*Description of the task*. Copy each line below exactly as it appears. Pictures are to be omitted.

*Data provided*.

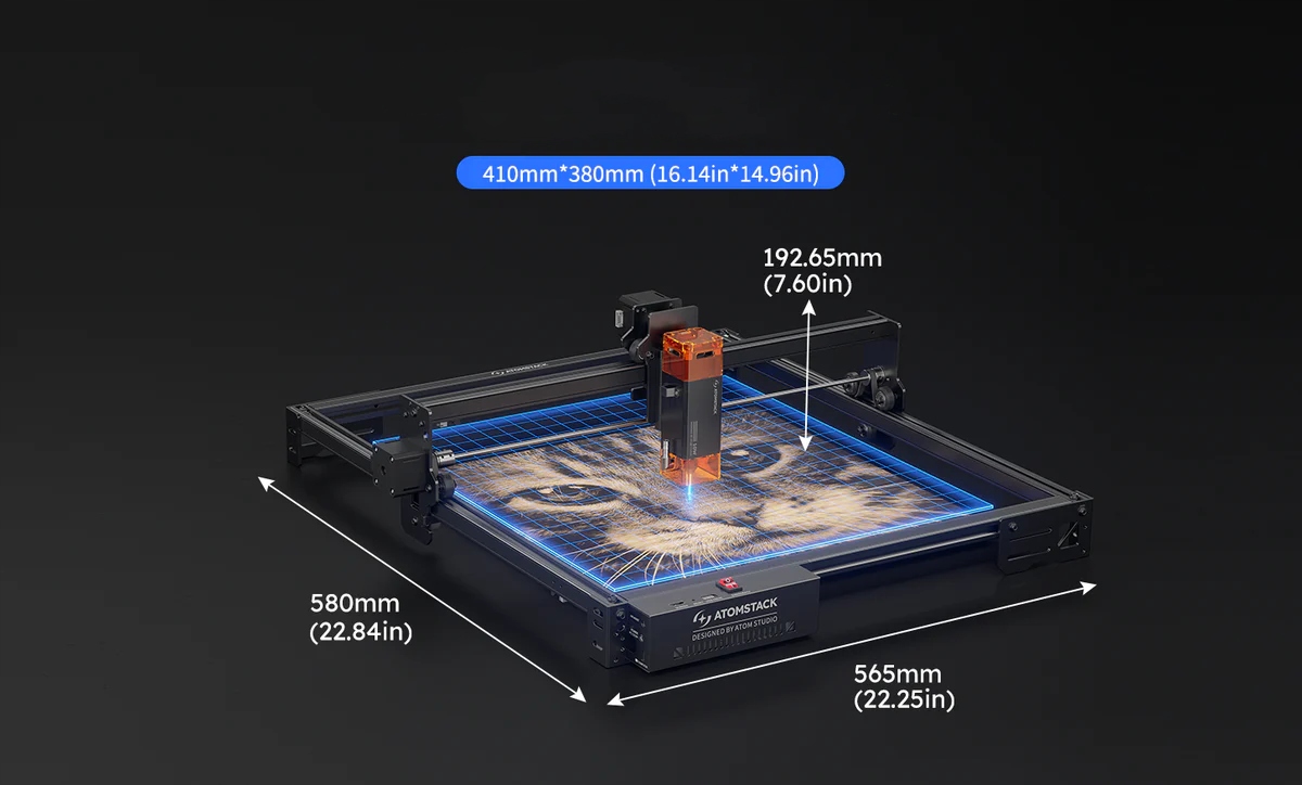 лазерный резак и гравюра просты и быстро устанавливают. Лазерная гравюра предлагает область гравировки 410 х 380 мм. Съемная магнитная лазерная защитная крышка и доставленные защитные очки могут защитить глаза во время работы.
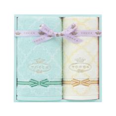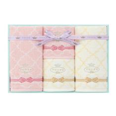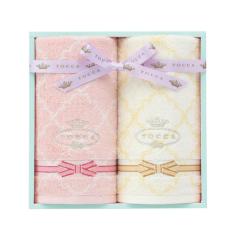 撚りの少ない糸を使用したふんわりやわらかな触感のタオルは、ブライダルや内祝いに好適です。人と人との絆を深く強く結ぶという想いを、リボンモチーフに込めたデザインのタオルセットです。
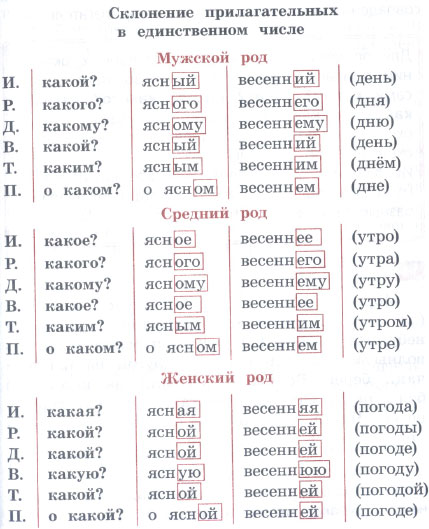 1. Прочитайте. Сравните окончания прилагательных в каждом падеже с окончаниями вопросов.
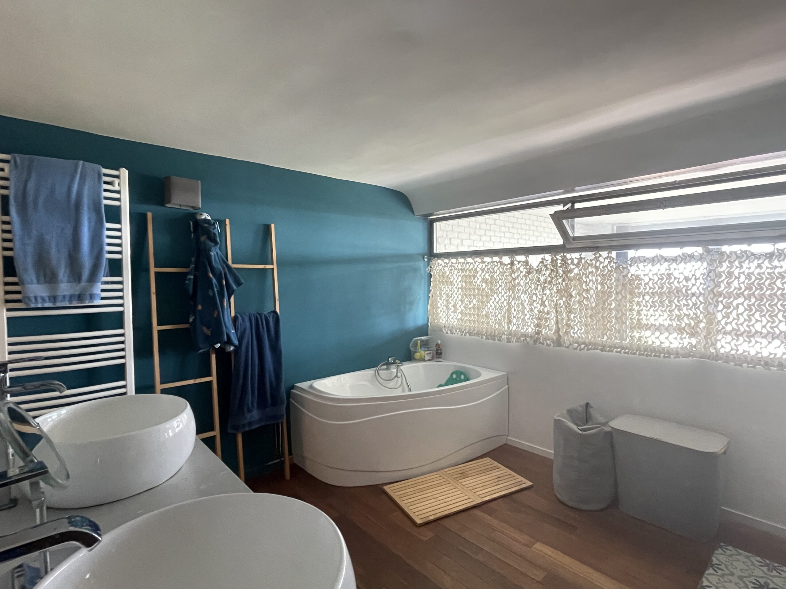La salle de bain est spacieuse et fonctionnelle, équipée d’une douche à l’italienne, d’une baignoire, et d’une double vasque.

*Response*.
 лазерный резак и гравюра просты и быстро устанавливают. Лазерная гравюра предлагает область гравировки 410 х 380 мм. Съемная магнитная лазерная защитная крышка и доставленные защитные очки могут защитить глаза во время работы.
 撚りの少ない糸を使用したふんわりやわらかな触感のタオルは、ブライダルや内祝いに好適です。人と人との絆を深く強く結ぶという想いを、リボンモチーフに込めたデザインのタオルセットです。
 1. Прочитайте. Сравните окончания прилагательных в каждом падеже с окончаниями вопросов.
La salle de bain est spacieuse et fonctionnelle, équipée d’une douche à l’italienne, d’une baignoire, et d’une double vasque.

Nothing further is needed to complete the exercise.